# DC system revised



## troyd1976 (Jul 26, 2011)

Hey guys, though I'd throw up some pics of my rough-ed in DC remodel that is a modified HF 2HP dc.. I need to get things straighter yet, make it all prettier and check all the seals, and I'm thinking of mounting the bag/filter hoop so that it's in direct line with the outlet of the impeller. I'm running 5" furnace pipe, the trash can is my Fein style baffle. What a difference between it and the little potable HF collector with a trashcan separator lid and about 20 feet of 4" flex. The gate near the window is where the 4" flex to the TS will connect, and from that Tee ( i know id be better with a WYE there but damn there over 100$ in tin?!?) it goes 5" furnace pipe that reduces at a 4" WYE and splits to the RAS flex and the other branch goes to one of those rockler dust right hoses. Ordered that with the fancy handle and tool port adapters, with 21 feet i should be able to hook up to anything anywhere. I put the mini gulp hood to work at the RAS, seems to work pretty good, most that dust there is actually from me forgetting the gate to the dust right setup was also open..seemed to still have alot of suction though.

Overall, my new system really sucks..the good sucking:laughing: 
Thanks to all that gave me advice and whom i pilfered ideas from!


----------



## rrbrown (Feb 15, 2009)

Looking good I would recommend mounting the bag/filter in a straight line with the blower. I did just had to make a little raised shelf to mount the legs on, just make sure you make it large enough so the bag don't hang off the edge. Here's pictures of my new set up since I went to the 6" pipe and mounted the blower and bag.


----------



## troyd1976 (Jul 26, 2011)

rrbrown, yes thats exactly what i plan to do..Going to remove that shelf that TV is sitting on and raise the bag/filter up so the 5" line from the blower to the round deal is a straight shot. I'm thinking that will also allow me a place to park the shopvac under.

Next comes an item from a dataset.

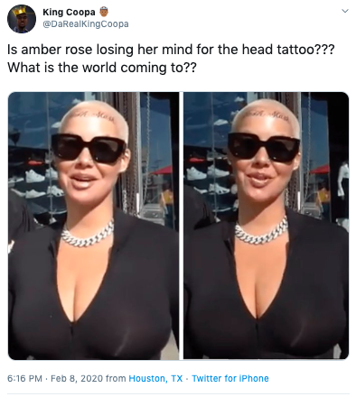Me looking at Amber Rose forehead tryna read wtf that tattoo says while simultaneously praying it’s magic marker #AmberRose pic.twitter.com/lWo0E4RIdD

I see your inlet lands at the end of the bumped out portion of the baffle, Does it have any negative effect on mine that my inlet lands right in the center of the 120 deg. area?

I had thought of using 6" as well for my main runs, but i sized it to match the inlet side of the HF DC., Also thought of running as much hard line as you have, but hopefully in the somewhat near future i will be relocating to a bigger shop space. :laughing:

I didn't take any pics but i also have my grizzly air filtration box mounted in the attic, I'm hoping a side benefit of this is circulating some of the heat back down in the winter months.


----------



## rrbrown (Feb 15, 2009)

My inlet ended in the middle like yours but it makes no sense to have that bumped out area behind the inlet. I don't see any adverse reaction. My only concern is that I thought the center pipe came down further then I would like resulting in a little more powder making it to the bag then what I expected. I'm actually being a little to ambitious though because I only got a hand full of powder in the bag while having about 10 gallons of dust in the can. That was all sucked up at one time very aggressively from one big pile that I dumped out of the shopvac. While collecting dust just as it comes off the tools I get no where near as much powder in the bag.


----------